We address the problem of triggering dissociation events between proteins that have formed a complex. We have collected a set of 25 non-redundant, functionally diverse protein complexes having high-resolution three-dimensional structures in both the unbound and bound forms. We unify elastic network models with perturbation response scanning (PRS) methodology as an efficient approach for predicting residues that have the propensity to trigger dissociation of an interacting protein pair, using the three-dimensional structures of the bound and unbound proteins as input. PRS reveals that while for a group of protein pairs, residues involved in the conformational shifts are confined to regions with large motions, there are others where they originate from parts of the protein unaffected structurally by binding. Strikingly, only a few of the complexes have interface residues responsible for dissociation. We find two main modes of response: In one mode, remote control of dissociation in which disruption of the electrostatic potential distribution along protein surfaces play the major role; in the alternative mode, mechanical control of dissociation by remote residues prevail. In the former, dissociation is triggered by changes in the local environment of the protein, e.g., pH or ionic strength, while in the latter, specific perturbations arriving at the controlling residues, e.g., via binding to a third interacting partner is required for decomplexation. We resolve the observations by relying on an electromechanical coupling model which reduces to the usual elastic network result in the limit of the lack of coupling. We validate the approach by illustrating the biological significance of top residues selected by PRS on select cases where we show that the residues whose perturbation leads to the observed conformational changes correspond to either functionally important or highly conserved residues in the complex.

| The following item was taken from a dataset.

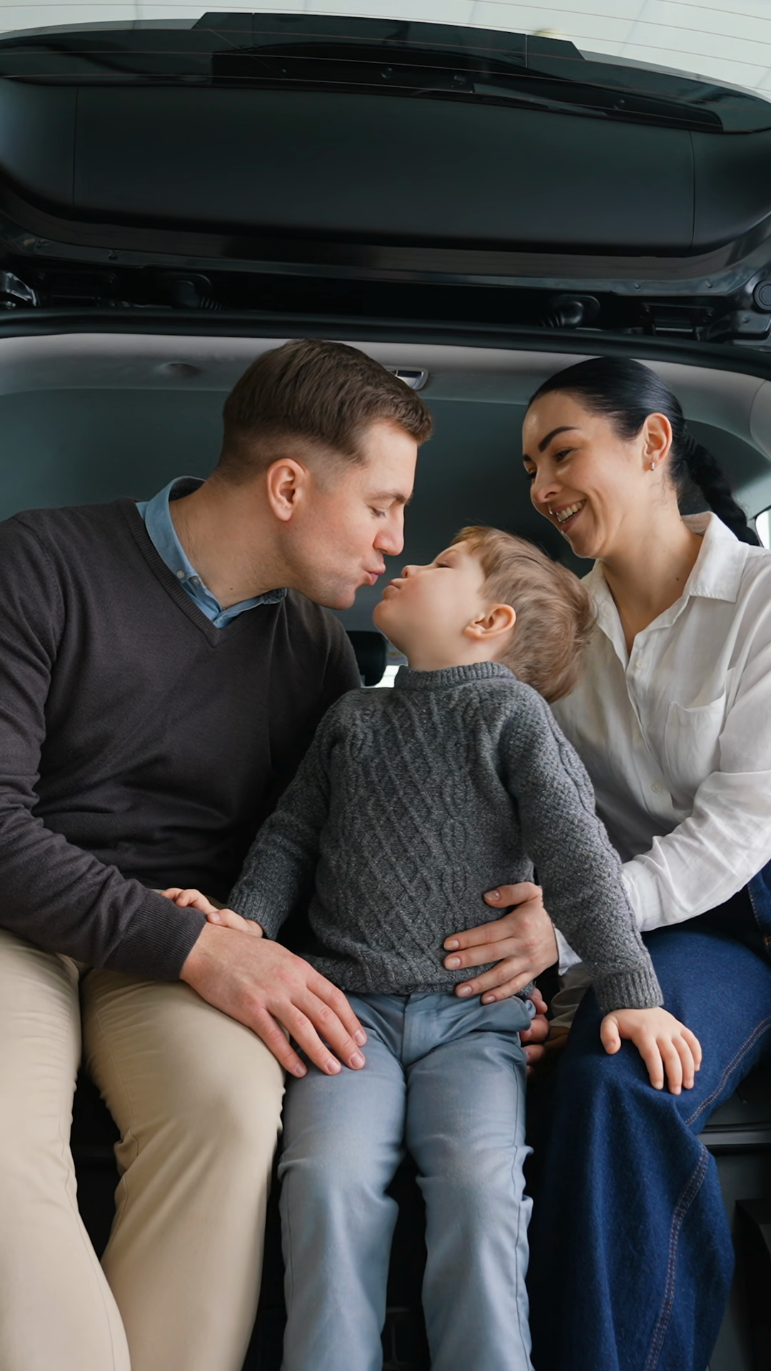 Happy Family Sitting In Their New Car Trunk At DealershipÂ

我们解决了触发已形成复合物的蛋白质之间解离事件的问题。我们已经收集了25种非冗余，功能多样的蛋白质复合物，这些蛋白质复合物具有未结合和结合形式的高分辨率三维结构。我们使用扰动响应扫描（PRS）方法将弹性网络模型统一起来，作为一种有效的方法来预测残基，这些残基倾向于结合蛋白和未结合蛋白的三维结构，从而触发相互作用的蛋白对的解离。PRS揭示，对于一组蛋白质对而言，参与构象转换的残基被限制在运动较大的区域，而其他残基则源自蛋白质的部分结构不受结合的影响。惊人地 仅少数复合物具有负责解离的界面残基。我们发现两种主要的反应模式：在一种模式中，解离的远程控制在其中主要作用是沿着蛋白质表面的静电势分布的破坏。在替代模式中，主要是通过机械控制游离残基的解离。在前者中，解离是由蛋白质局部环境的变化（例如pH或离子强度）触发的，而在后者中，需要复杂的扰动到达控制残基（例如，通过与第三种相互作用的伴侣结合）来进行分解。我们依靠机电耦合模型解决了这些问题，该模型减少了通常的弹性网络，从而导致缺乏耦合的局限性。